Earlier today, Kate reported on some confused remarks from John McCain on his plan for a carbon cap. Via Politico, the McCain campaign has now clarified the remarks. Here’s the original exchange:
QUESTION: The European Union has set mandatory targets on renewable energy. Is that something you would consider in a McCain administration? […]
MCCAIN: Sure. I believe in the cap-and-trade system, as you know. I would not at this time make those — impose a mandatory cap at this time. But I do believe that we have to establish targets for reductions of greenhouse gas emissions over time, and I think those can be met.
Here’s what the campaign said:
"John McCain was correctly reflecting his position, he just inadvertently said the word ‘cap’ instead of ‘target,’" said spokesman Tucker Bounds.
Today’s comment was a response to a question about mandatory "targets" for renewable energy — McCain believes that a cap-and-trade system provides enough market incentive for investment in renewables. If that’s the case (and many environmentalists would disagree), then mandatory targets wouldn’t be necessary.
McCain advisor Douglas Holtz-Eakin also defended McCain’s response to Greenwire. Here’s what McCain said then:
It’s not quote mandatory caps. It’s cap-and-trade, OK. It’s not mandatory caps to start with. It’s cap-and-trade. That’s very different. OK, because that’s a gradual reduction in greenhouse-gas emissions. So please portray it as cap-and-trade. That’s the way I call it.
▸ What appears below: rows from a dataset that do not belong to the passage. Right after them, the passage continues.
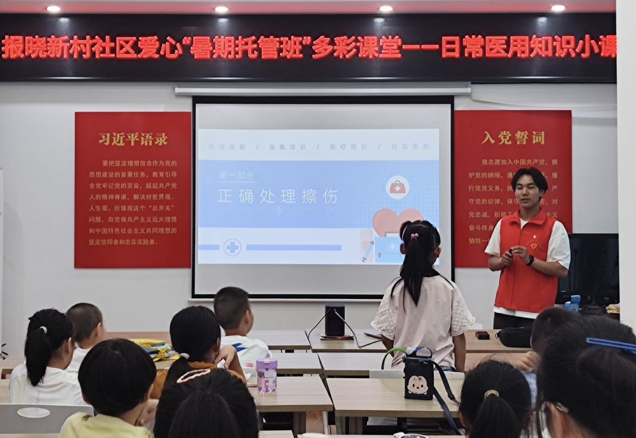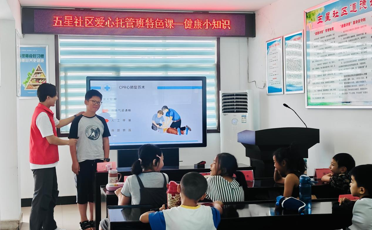 暑假期间,为引导和帮助青少年儿童度过一个安全、快乐、充实的假期,太阳成集团tyc33455cc的志愿者们走进信阳市报晓新村社区和五星社区,开展了“多彩假期,‘艺’路‘童’行”暑期社会实践活动,为社区青少年儿童提供贴心服务,丰富暑期生活,减轻家长们假期“看护难”的负担。志愿者们结合专业所长,精心组织了急救知识、交通安全、绘画、手工制作等多彩小课堂,通过列举日常生活中的常见例子,以及“你问我答”等多种方式,使课堂更加生动易懂,不仅增强了孩子们的安全意识,也为社区青少年播下了知识的种子,用心呵护每一位幼苗,为他们健康成长保驾护航。
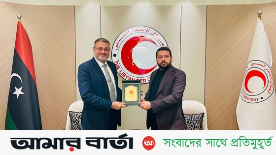 লিবিয়ান রেড ক্রিসেন্ট সোসাইটির সেক্রেটারি জেনারেল মারায়ী আল-দারসির সঙ্গে লিবিয়ায় নিযুক্ত বাংলাদেশের রাষ্ট্রদূত মেজর জেনারেল আবুল হাসনাত মুহাম্মদ খায়রুল বাশার সৌজন্য সাক্ষাৎ করেছেন।
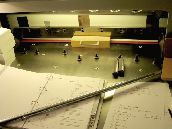 Karton schneiden muß. Das Material Blanc Beige von der Büttenpapierfabrik Gmund ist so empfindlich, daß es ein nicht ganz scharfes Messer übel nimmt. Der Karton ist besonders dicht und schwer, hat also ein sehr hohes Volumen, weil seine hochglatte Oberfläche nicht durch einen Aufstrich, sondern durch Pressung hergestellt wird. Der Messerwechsel ist ein kleiner Kraftakt. Das Messer ist mit acht großen
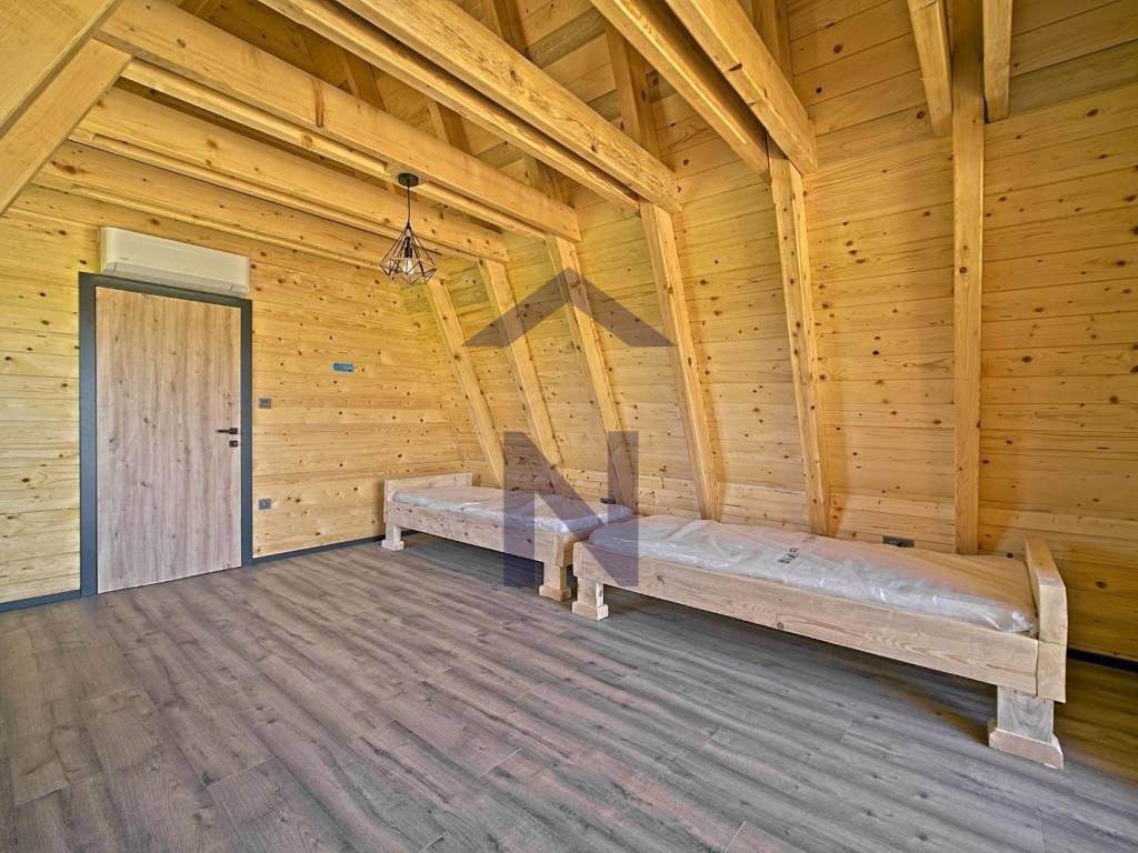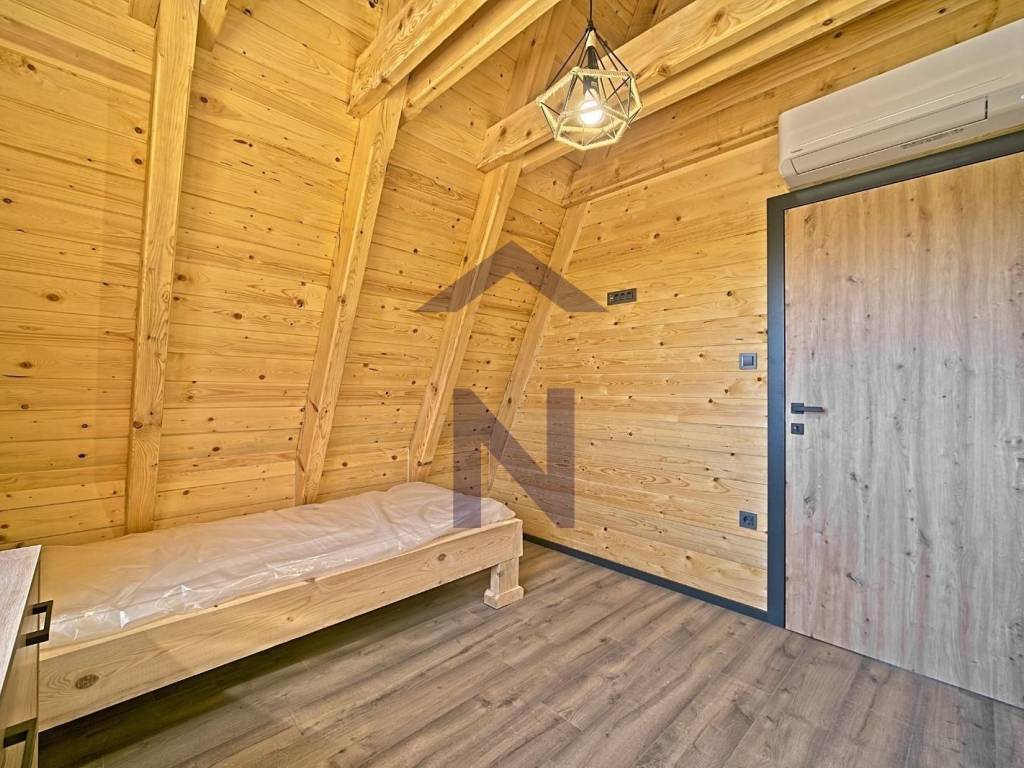 Opremljena je kaminom i podnim grijanjem donje etaže, i postavljena su4 klima uređaja.
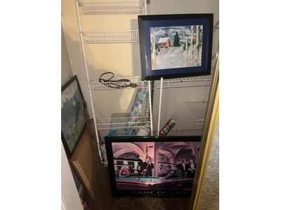 412 Framed decor, wrapping paper, hanging wire organizer, misc. contents of closet as shown in pictures
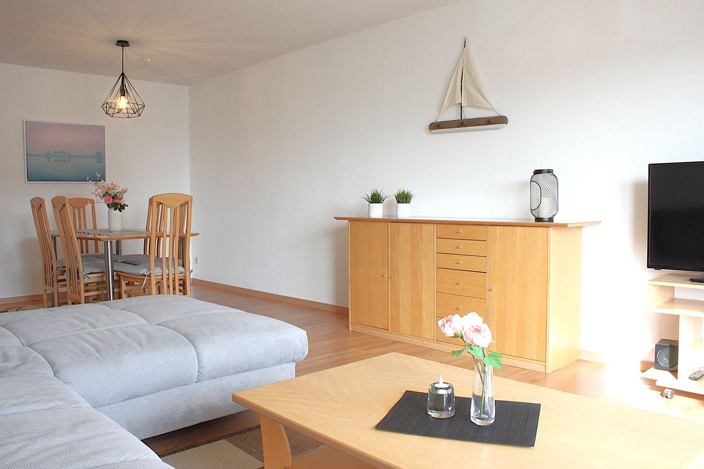 Der helle Wohnbereich ist mit einem Sofa, TV-Gerät und Esstisch ausgestattet. Die Küche ist in den Raum integriert und verfügt über einen Kühlschrank mit Gefrierfach, Herd mit Backofen, Kaffeemaschine, Wasserkocher und weiteren Kleingeräten.
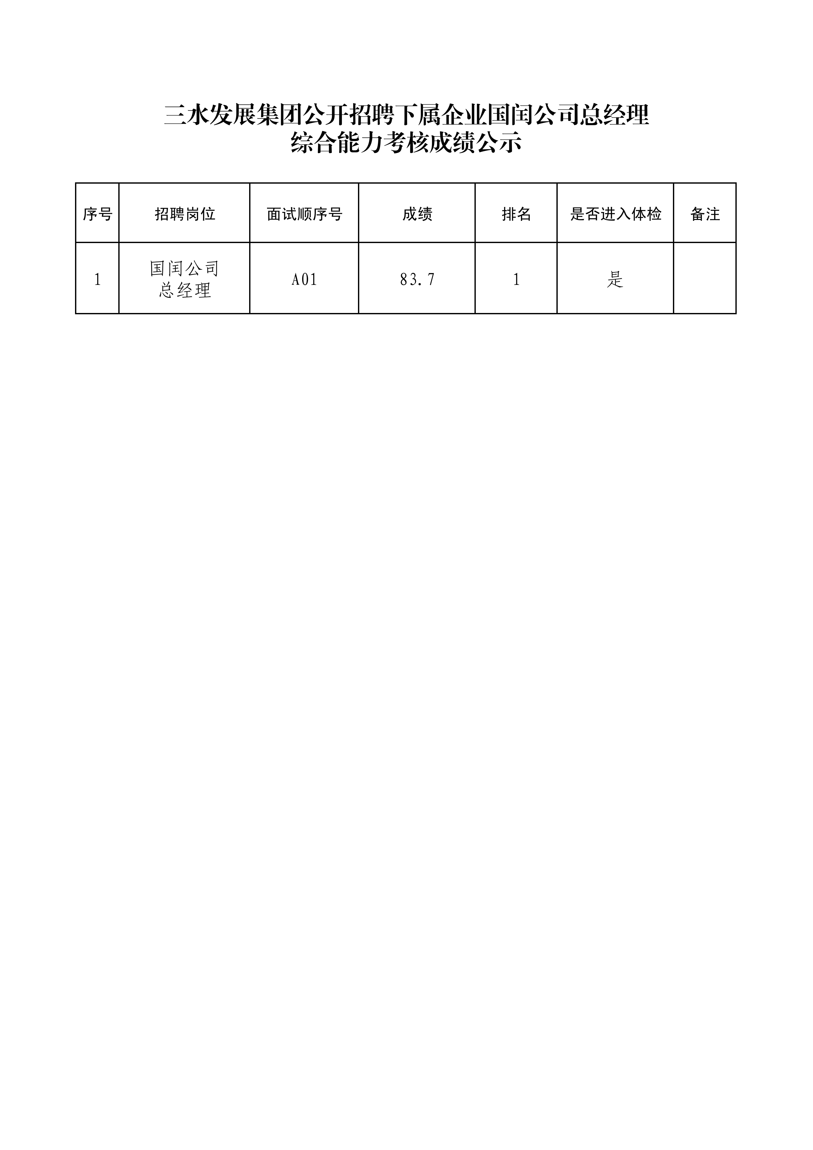 三水发展集团公开招聘下属企业国闰公司总经理综合能力考核成绩公示
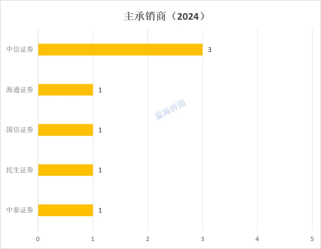 前三的主承销商分别是:中信证券(3)、国泰海通(3)、招商证券(2)。
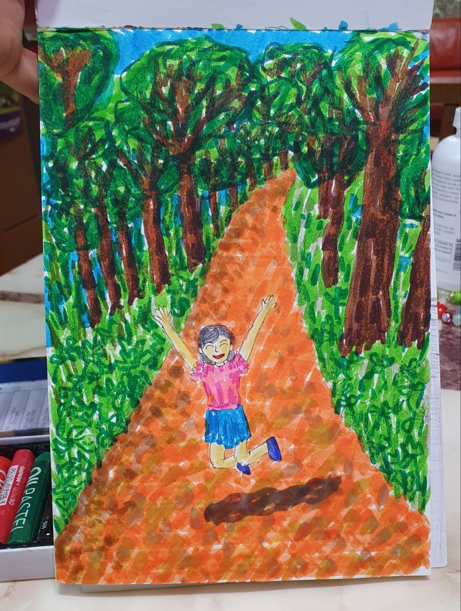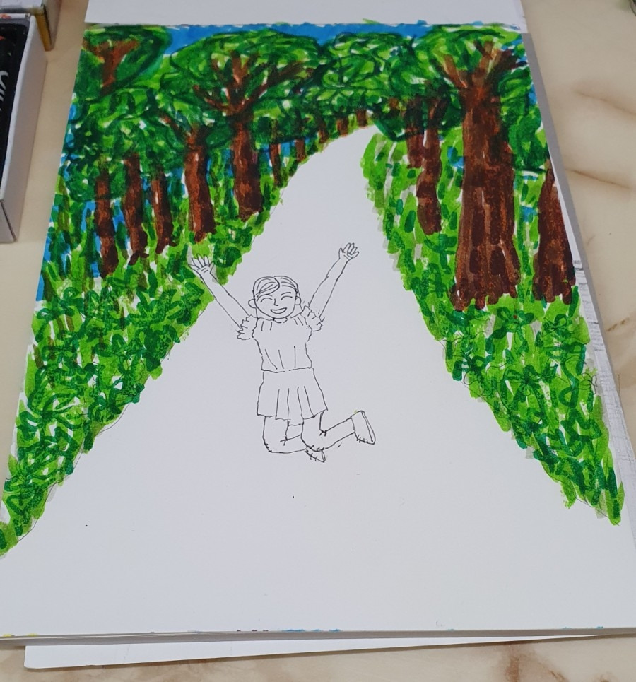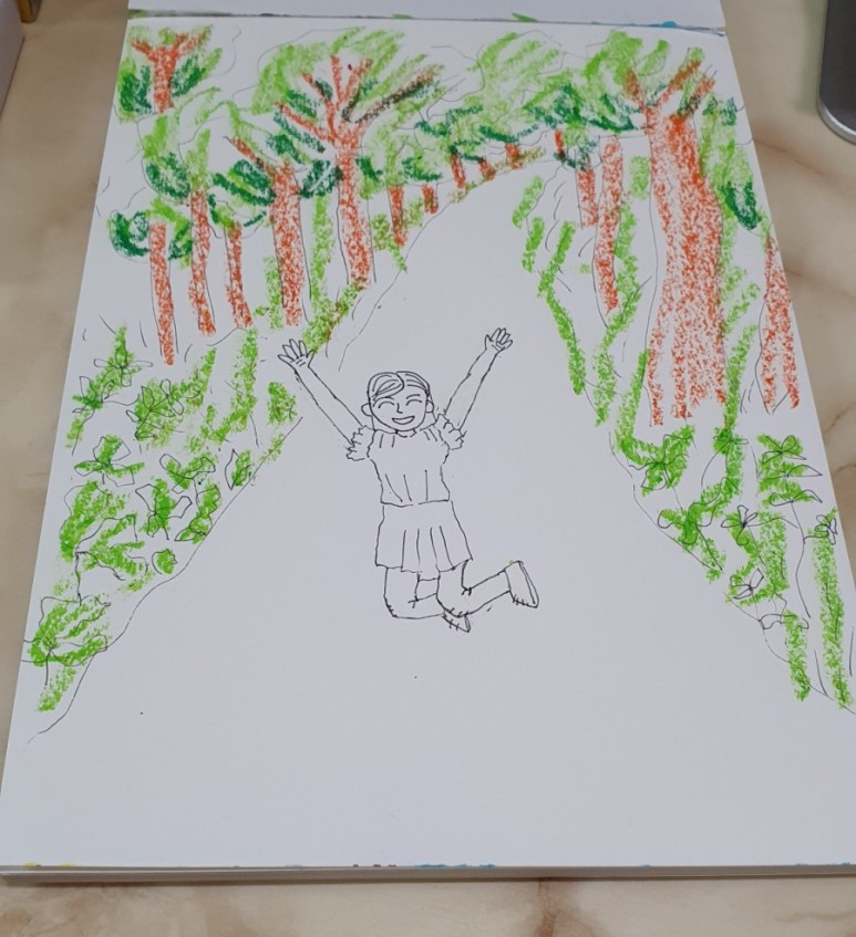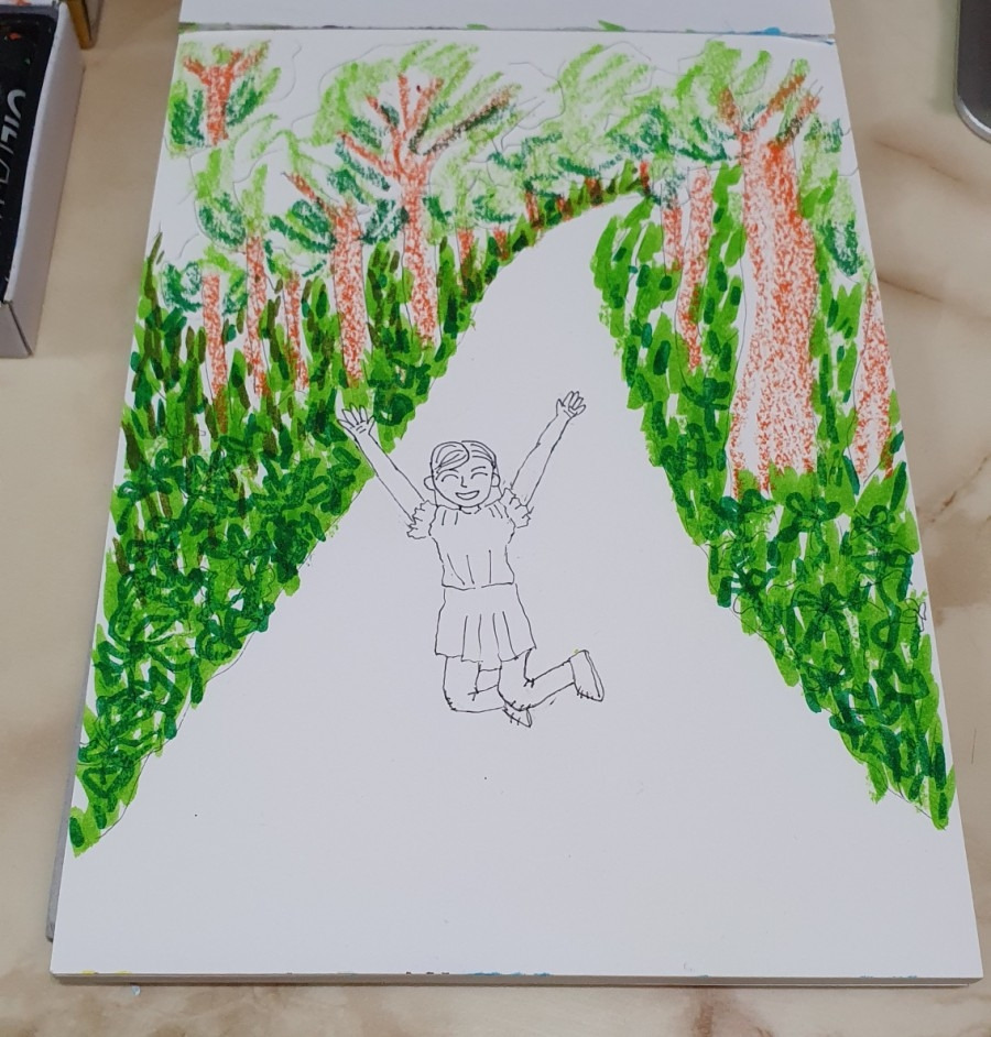 제주 치유의 숲에서 공중부양하는 아이들 5명을 모두 그림으로 담아내려고 했으나 한 명을 그리고는 기력 소진과 더불어 스트레스 풀 충전을 경험하고는 그 이후로 아이들의 앞모습을 그리려고 더 이상 노력하지 않았어요.
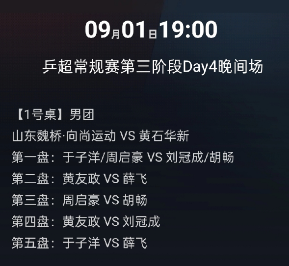 等了一天,等来了山东魏桥和黄石华新的主力不上场。 今晚王楚钦和林诗栋都休赛,
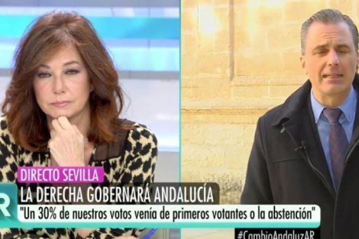 Ana Rosa Quintana ha entrevistado en El Programa de AR (Telecinco) a Javier Ortega Smith, secretario general de Vox, para preguntarle por el reciente acuerdo con el Partido Popular que permitirá a Juanma Moreno ser presidente de Andalucía.
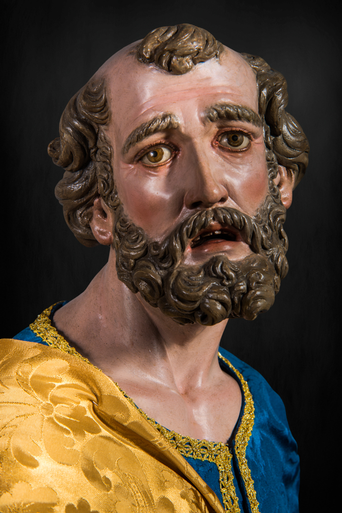 Dedicado durante sus primeros años al belenismo, en 1982 realiza su primer paso para la Semana Santa, y a partir de ese momento comienza a centrarse en una abundante producción que pronto le convertirá en el imaginero de referencia de las décadas finares del siglo XX y primeros años del XXI. Muy pronto recibe sus encargos para la Sangre. Primero, en 1985, el conjunto de Jesús en Casa de Lázaro, en el que el escultor ofrece una interpretación de la escena de Betania distinta a la del paso destruido de Sánchez Araciel, y un año más tarde el Cristo de las Penas, que sustituye al realizado por García Mengual y en el que el artista realiza una fehaciente demostración de su dominio del oficio, su capacidad para componer grupos y sus conocimientos anatómicos.
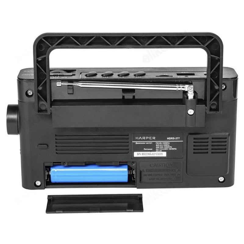 адиоприёмник Harper HDRS-377 – это современное многофункциональное устройство, которое объединяет возможности портативного MP3-плеера, способного воспроизводить музыку со съёмных USB-носителей или с MicroSD/TF карт памяти, а также переносной колонки, которая может принимать аудио-сигналы по проводному (AUX) и беспроводному (Bluetooth) каналу. Harper HDRS-377 работает со всеми диапазонами радиочастот: FM, AM или SW. Питание может подаваться от сети или от встроенного аккумулятора

Here’s what Holtz-Eakin said:
… McCain’s Greenwire response sounded confusing because he thought the interviewer was implying that there were mandatory caps on emissions for individuals and companies — not on the system as a whole.
Still no explanation from the campaign for McCain’s remarks in January’s GOP debate in Florida. Here’s that exchange:
Tim Russert: Senator McCain, you are in favor of mandatory caps.
McCain: No, I’m in favor of cap-and-trade. And Joe Lieberman and I, one of my favorite Democrats and I, have proposed that — and we did the same thing with acid rain.
And all we are saying is, “Look, if you can reduce your greenhouse gas emissions, you earn a credit. If somebody else is going to increase theirs, you can sell it to them.” And, meanwhile, we have a gradual reduction in greenhouse gas emissions.
To be fair, these examples don’t establish that McCain flatly doesn’t understand there’s a mandatory cap in his cap-and-trade plan. A more likely explanation is that this is domestic policy and McCain simply doesn’t have his heart in it. He strikes the right pose, but it’s an inch deep — he’s not committed enough to it to overcome his instinctive conservative aversion to the word “mandatory.”
He supports a "market-based program" to "beat climate change" in the abstract, but he also wants gas tax holidays, domestic drilling incentives, megapork for nuclear and coal, no boosts in sector-specific efficiency or fuel economy standards, limited public investment, and enormous tax cuts. When the abstraction bumps into the conservative interest group, the abstraction gives way.